In the United States, SQF is administered by the Food Marketing Institute (FMI), the leading trade organization for food retailers. FMI maintains a database of SQF-certified food manufacturers for its retailer members. It also hosts an annual Safe Quality Food International Conference to introduce new safety- and quality-related technologies, tools, and potential partners.
Sarah Malenich, the SQF Institute’s senior manager for sales and marketing notes:
“Obtaining SQF certification isn’t just about protecting consumers, food service providers, and retailers. It’s also about protecting the producers themselves. SQF Certification not only gives growers assurances that the food they’re selling has been produced to the highest possible standards, it also puts their contact information in an instantly accessible database that retail and foodservice buyers around the world can look to for suppliers they can trust.”
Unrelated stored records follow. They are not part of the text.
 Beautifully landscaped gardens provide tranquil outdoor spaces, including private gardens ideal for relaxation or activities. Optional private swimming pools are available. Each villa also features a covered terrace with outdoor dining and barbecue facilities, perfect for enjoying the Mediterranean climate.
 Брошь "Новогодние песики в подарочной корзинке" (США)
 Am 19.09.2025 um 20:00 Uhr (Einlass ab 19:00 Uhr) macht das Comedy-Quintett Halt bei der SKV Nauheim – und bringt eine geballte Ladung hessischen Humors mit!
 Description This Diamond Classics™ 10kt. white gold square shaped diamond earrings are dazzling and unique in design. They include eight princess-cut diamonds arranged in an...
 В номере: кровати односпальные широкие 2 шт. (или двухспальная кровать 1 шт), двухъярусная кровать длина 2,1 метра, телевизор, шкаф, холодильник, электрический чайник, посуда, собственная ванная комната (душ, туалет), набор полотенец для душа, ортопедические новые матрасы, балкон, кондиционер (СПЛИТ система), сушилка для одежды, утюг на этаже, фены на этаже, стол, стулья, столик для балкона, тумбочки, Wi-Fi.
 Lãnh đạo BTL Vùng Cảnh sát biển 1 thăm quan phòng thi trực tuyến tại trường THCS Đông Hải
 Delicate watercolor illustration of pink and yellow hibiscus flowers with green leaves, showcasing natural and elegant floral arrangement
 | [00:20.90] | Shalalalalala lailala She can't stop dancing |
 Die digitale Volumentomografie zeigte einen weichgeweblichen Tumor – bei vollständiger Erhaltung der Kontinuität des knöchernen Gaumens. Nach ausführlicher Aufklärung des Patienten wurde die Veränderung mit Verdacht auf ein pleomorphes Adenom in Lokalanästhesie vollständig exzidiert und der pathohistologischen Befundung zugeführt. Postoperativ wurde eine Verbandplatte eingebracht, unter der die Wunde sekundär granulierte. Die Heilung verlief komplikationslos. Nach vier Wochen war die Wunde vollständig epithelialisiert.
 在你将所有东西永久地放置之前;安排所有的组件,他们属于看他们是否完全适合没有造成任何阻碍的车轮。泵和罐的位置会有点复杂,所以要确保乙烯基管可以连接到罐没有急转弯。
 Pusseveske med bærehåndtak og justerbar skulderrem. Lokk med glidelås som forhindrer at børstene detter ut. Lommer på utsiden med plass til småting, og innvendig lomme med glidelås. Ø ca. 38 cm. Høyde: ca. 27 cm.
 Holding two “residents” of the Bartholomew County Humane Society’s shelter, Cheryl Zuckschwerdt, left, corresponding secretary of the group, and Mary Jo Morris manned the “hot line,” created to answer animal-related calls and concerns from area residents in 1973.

The SQF program operates on three levels. Level 1 is the most basic; it is appropriate for operations with inherently low levels of risk and is not recognized by GFSI. Level 2, unlike Level 1, incorporates elements of the HACCP approach (Hazard Analysis of Critical Control Points) and is the most common level. Level 3, the most advanced, incorporates elements of quality management with food safety management.
All manufacturers must meet certain basic requirements for a HACCP-compatible Level 2 operation. These include (but are not limited to): management commitment, documented control and records, approved suppliers, corrective and preventive action, internal audits, validation and verification, and recall or withdrawal strategies.
As retailers insist on SQF-certified products from manufacturers, the manufacturers are also requiring SQF certification from suppliers, including packaging suppliers. Food packaging has its own “module” within the industry-specific set of modules that further define SQF requirements.
CDF Corp. has achieved Level 2 SQF certification for the drum and pail liners, intermediate bulk container liners, bag-in-box liners and other flexible packaging manufactured at both of its facilities. Containers used as retail packages, like bag-in-box, would have to have SQF certification to be used at an SQF food manufacturing facility. Managers of such facilities might well insist on its suppliers using SQF-certified packaging, such as IBC liners, for their ingredients.
To maintain its SQF certification, CDF has 30 quality and safety programs in place, including: document control, monthly management audits, pest control, chemical control, training, quality control, customer quality/complaint management, traceability, hold and release protocol, handling of glass and brittle plastics, sanitation, and maintenance.